═══ DATA FOR THIS EXERCISE

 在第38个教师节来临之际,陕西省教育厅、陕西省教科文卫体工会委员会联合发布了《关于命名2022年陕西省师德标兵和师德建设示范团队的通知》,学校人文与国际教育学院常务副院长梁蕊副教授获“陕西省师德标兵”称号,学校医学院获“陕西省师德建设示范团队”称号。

══════
═══ DATA FOR THIS EXERCISE

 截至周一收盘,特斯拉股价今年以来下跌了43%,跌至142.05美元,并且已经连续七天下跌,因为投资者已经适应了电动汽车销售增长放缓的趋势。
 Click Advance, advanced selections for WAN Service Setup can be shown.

══════
═══ DATA FOR THIS EXERCISE

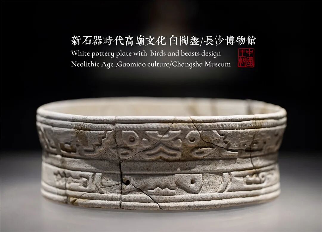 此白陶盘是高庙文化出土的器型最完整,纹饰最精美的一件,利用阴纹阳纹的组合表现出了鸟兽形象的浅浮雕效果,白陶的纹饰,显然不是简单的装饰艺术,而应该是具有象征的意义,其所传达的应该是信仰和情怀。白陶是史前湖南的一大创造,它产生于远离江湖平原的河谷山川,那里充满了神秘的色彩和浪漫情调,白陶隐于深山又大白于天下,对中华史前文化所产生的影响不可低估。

══════

(ASSIGNMENT):
Extract exactly and only the lines above from the line containing "截至周一收盘,特斯拉股价今年" through the line containing "Click Advance, advanced", both end lines included.

(ANSWER BOX):
 截至周一收盘,特斯拉股价今年以来下跌了43%,跌至142.05美元,并且已经连续七天下跌,因为投资者已经适应了电动汽车销售增长放缓的趋势。
 Click Advance, advanced selections for WAN Service Setup can be shown.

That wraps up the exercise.